COLLECTED DATA:
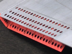 翼上面パーツからダイブブレーキ部分を切り取る。エッチングと大きさが微妙に異なるから、プラ板などでエッチングの大きさに合うよう修正。プラ板などで取り付けガイドを作り接着。完成後も触るとすぐに曲がってしまうので、上面のみはキットパーツを用い、薄く削りピンバイスで穴あけしたほうがよかったかも。
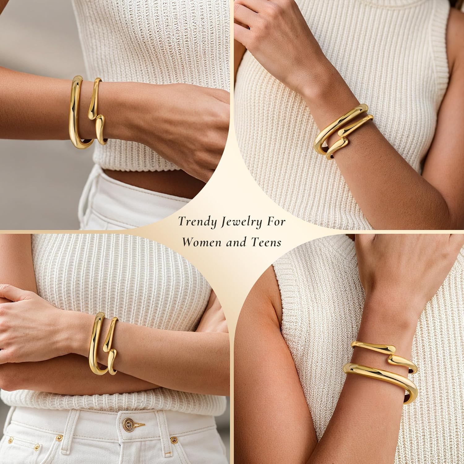 Gold Bangle Bracelets for Women Cuff Stackable Waterproof Non Tarnish Bracelet Stack Silver Plated 14k Chunky Bangles Jewelry Set for Woman
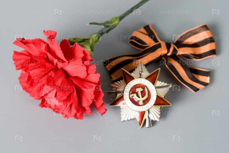 Орден Отечественной войны на ленте Святого Георгия и гвоздика на сером фоне
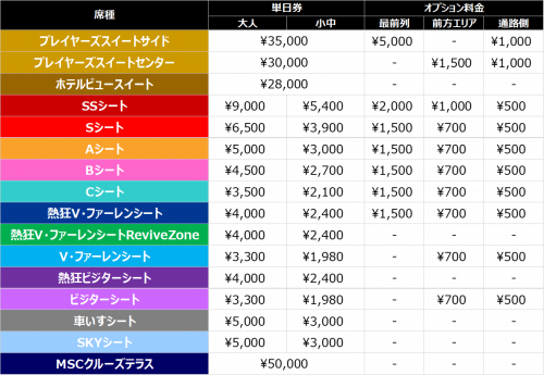 追加料金に関しては、席種によって異なるため、価格表をご確認ください。

ASSIGNMENT: Omit the pictures and reproduce the listing exactly.

EXERCISE OUTPUT:
 翼上面パーツからダイブブレーキ部分を切り取る。エッチングと大きさが微妙に異なるから、プラ板などでエッチングの大きさに合うよう修正。プラ板などで取り付けガイドを作り接着。完成後も触るとすぐに曲がってしまうので、上面のみはキットパーツを用い、薄く削りピンバイスで穴あけしたほうがよかったかも。
 Gold Bangle Bracelets for Women Cuff Stackable Waterproof Non Tarnish Bracelet Stack Silver Plated 14k Chunky Bangles Jewelry Set for Woman
 Орден Отечественной войны на ленте Святого Георгия и гвоздика на сером фоне
 追加料金に関しては、席種によって異なるため、価格表をご確認ください。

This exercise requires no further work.